The two arguments are independent. The remaining sections present each of the six combinations and identify the question each is suited to.

Data and network

The example uses the bundled human_ai corpus – Human + AI events in a single long frame, tagged by an actor_type column (see ?human_ai). The actor partition is recorded as node-level metadata on the resulting htna network and is consumed automatically by every plot below.

library(htna)
data(human_ai)

net <- build_htna(human_ai, actor_type = "actor_type")

Per-state colouring (by = "state")

Per-state colouring assigns a distinct colour to each state code, allowing the within-actor vocabulary to be inspected directly. The two-actor case yields two non-overlapping palettes, since htna actor vocabularies are typically disjoint by construction.

Index layout

The index layout assigns one panel per actor and renders each session as a horizontal strip within that panel. The horizontal axis is time; the vertical axis enumerates sessions, sorted by similarity under a longest-common-subsequence metric. Reading is by row: the sequence of colours along a session strip indicates the order of codes produced by that actor.

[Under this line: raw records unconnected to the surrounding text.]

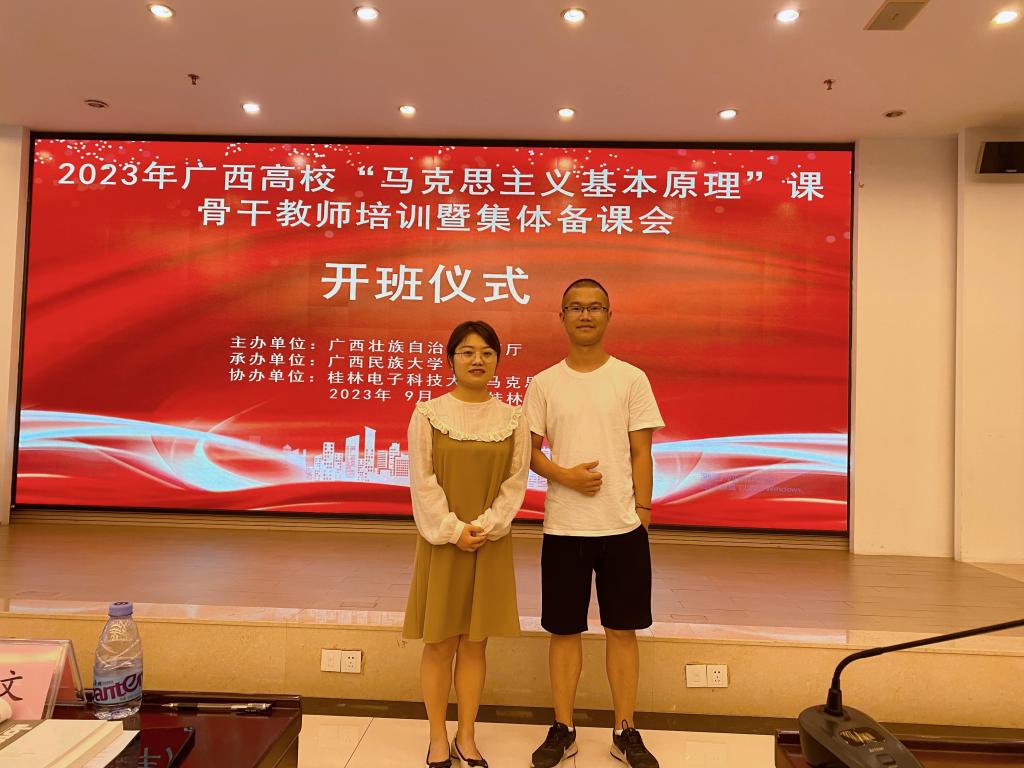 为进一步加强广西高校思想政治理论课建设,不断提高思政课教师理论水平,近日,由自治区教育厅主办、广西民族大学承办的2023年全区高校“马克思主义基本原理”课骨干教师培训暨集体备课会在桂林举行。来自全区40多所高校的100余名思政课骨干教师参加了此次培训会,我院教师姜凡、石珂参加培训。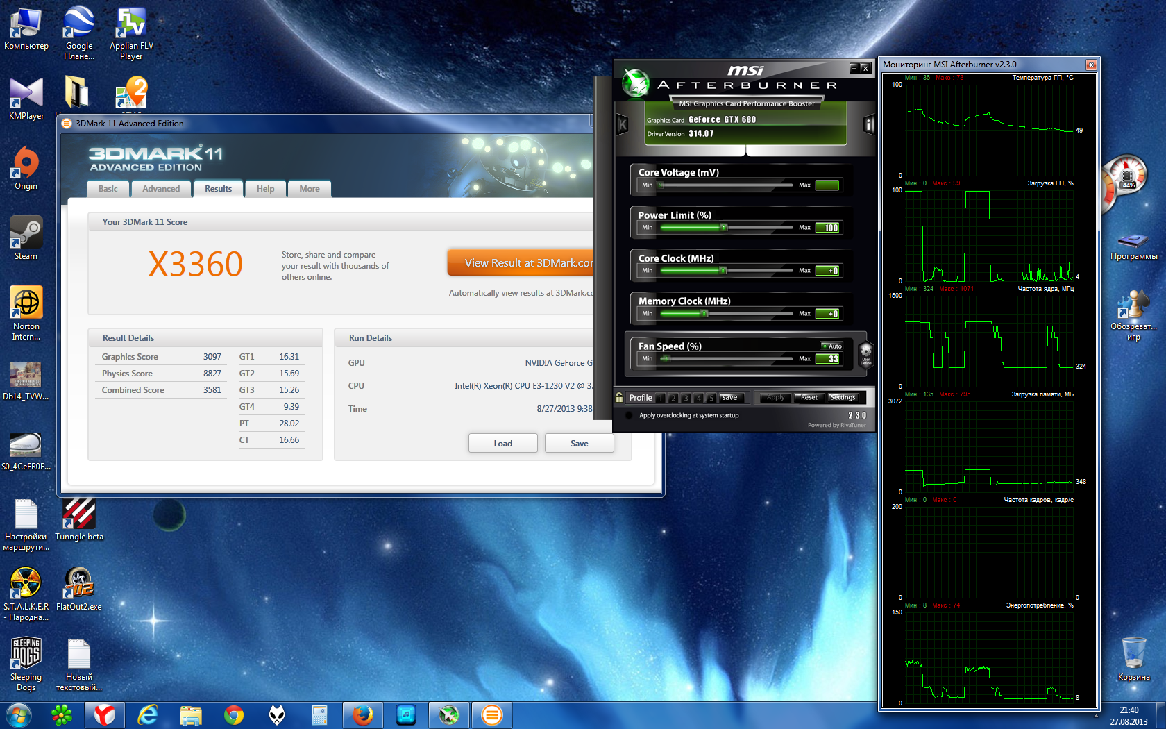 Проц у тебя слабоват. За 660 не скажу, а 670 40000+ по GPU Score набирают Результаты в 3DMark Vantage #10874929 В общем, 770 должна +/- 40тыр набирать. F@tality, попробуй дрова переставить. Хотя, может и ОС тупит. Вчера гонял марк11 на 326.41, без изменений. Смотрю ты ифон выиграл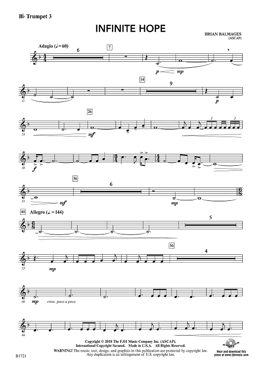"Infinite Hope - Bb Trumpet 3" Sheet Music by Brian Balmages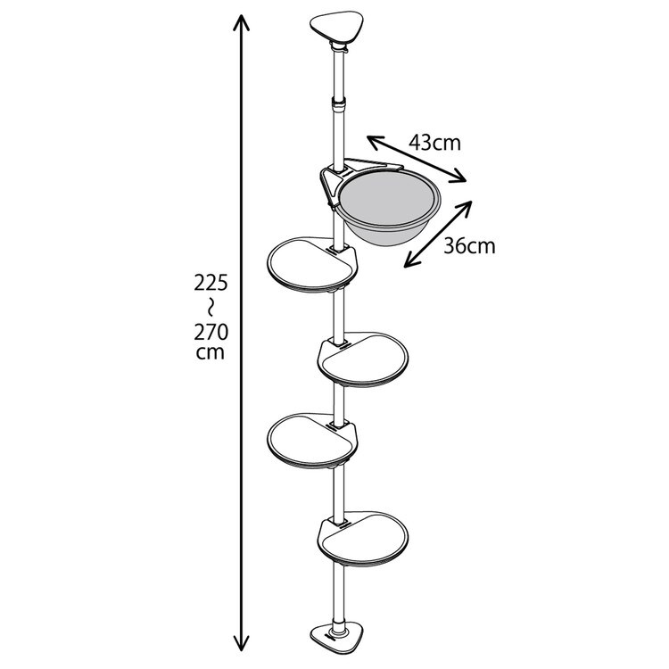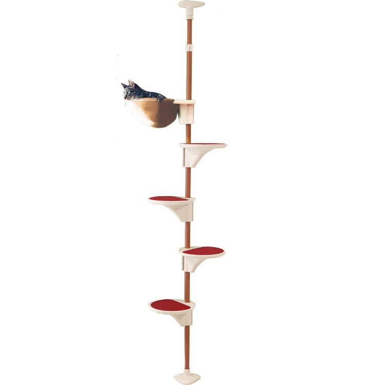 簡単に取り付け、取り外しができ、自由にステップの高さや向きを変えられる、ハンモック付き猫用遊具。
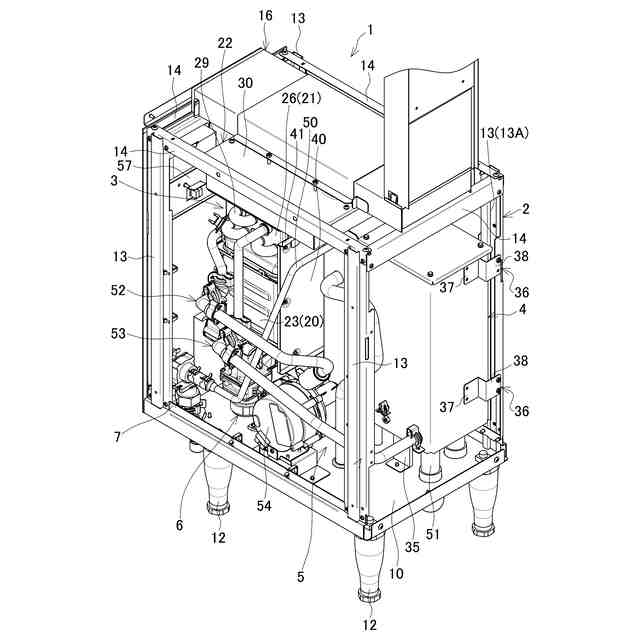 筐体2は、底板10と、天板11と、4本の脚12,12・・と、4本の縦フレーム13,13・・と、4本の横フレーム14,14・・と、4枚の外パネル15,15・・とを含んでなる。底板10は、平面視矩形状で、四辺がそれぞれ上向きに折り返されている。各脚12は、底板10の下面四隅で下向きに取り付けられて底板10を水平に支持している。各縦フレーム13は、底板10の折り返し部に固定されて底板10の四隅に立設されている。各横フレーム14は、前後左右に隣接する縦フレーム13,13の上端間に架設されている。天板11は、横フレーム14,14・・に取り付けられて筐体2の上面を閉塞している。天板11の上面には、熱源ユニット3の後述する排気部22に接続される排気ダクト16が設けられている。

Vertically aligned colour blocks within a panel correspond to states that occur in long uninterrupted runs across many sessions; these visual signatures map directly to strong self-loops in the underlying transition network.

Heatmap layout

The heatmap layout combines the per-actor panels into a single carpet, separated by a white band marking the actor boundary. This view emphasises corpus-level differences between actors in session length and uniformity.

sequence_plot_htna(net, type = "heatmap")

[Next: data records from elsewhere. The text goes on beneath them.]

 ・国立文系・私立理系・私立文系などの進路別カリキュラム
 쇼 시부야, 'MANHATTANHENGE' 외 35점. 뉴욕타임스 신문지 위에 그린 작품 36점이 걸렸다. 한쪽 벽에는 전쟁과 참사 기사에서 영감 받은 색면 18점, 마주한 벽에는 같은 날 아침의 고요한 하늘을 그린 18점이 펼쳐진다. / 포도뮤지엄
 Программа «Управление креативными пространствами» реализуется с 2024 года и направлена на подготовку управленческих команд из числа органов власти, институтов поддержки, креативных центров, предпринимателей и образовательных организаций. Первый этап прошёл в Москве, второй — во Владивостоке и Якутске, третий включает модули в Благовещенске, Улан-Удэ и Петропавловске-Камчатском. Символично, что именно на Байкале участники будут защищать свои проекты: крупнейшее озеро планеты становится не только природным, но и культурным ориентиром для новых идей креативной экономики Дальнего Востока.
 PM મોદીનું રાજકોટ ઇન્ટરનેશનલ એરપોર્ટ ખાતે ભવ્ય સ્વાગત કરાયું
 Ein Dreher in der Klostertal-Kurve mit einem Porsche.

The white separator does not encode data; it is a visual marker distinguishing the two actor regions of the otherwise contiguous matrix.

Distribution layout

The distribution layout aggregates across sessions: at each timestep, the proportion of sessions occupied by each state is plotted as a stacked area. The result summarises the state composition of the corpus as a function of session time.

sequence_plot_htna(net, type = "distribution")

A grey “NA” band appears in this view because each per-actor sequence is NA-padded at the timesteps when the other actor was acting. The padding is a structural feature of the per-actor extraction. Removing it normalises the proportions over present states only:

sequence_plot_htna(net, type = "distribution", na = FALSE)

The NA-suppressed view is the appropriate display when the analytic question concerns the state mix of each actor; the default view is appropriate when the question concerns when each actor is silent.

Per-actor colouring (by = "group")

Per-actor colouring collapses the palette to one colour per actor, applied to the combined session matrix. Within-actor detail is lost in exchange for a clean turn-taking view: the colour at each cell identifies which actor was acting at that timestep.

Index layout

sequence_plot_htna(net, by = "group")

Sessions in which actors alternate frequently appear striped; sessions in which one actor dominates appear as solid blocks.

Heatmap layout

sequence_plot_htna(net, type = "heatmap", by = "group")

Per-actor faceting is unnecessary under group colouring because each cell carries actor identity through its colour. The single carpet layout emphasises macro-level patterns in actor balance and session length.

Distribution layout

sequence_plot_htna(net, type = "distribution", by = "group")

The combined session matrix is fully populated (every timestep has an active actor), so no NA band appears. The plot displays the proportion of sessions in which each actor was acting at each timestep — a turn-taking summary across the corpus.

Selection criteria

The six combinations address distinct analytic questions:

Analytic question Recommended view
Within-session ordering of codes per actor type type = "index", by = "state"
Corpus-level differences in session length and uniformity type = "heatmap", by = "state"
Evolution of state composition over session time, per actor type = "distribution", by = "state", na = FALSE
Turn-taking pattern within individual sessions type = "index", by = "group"
Macro-level actor balance and session length type = "heatmap", by = "group"
Corpus-level actor balance over session time type = "distribution", by = "group"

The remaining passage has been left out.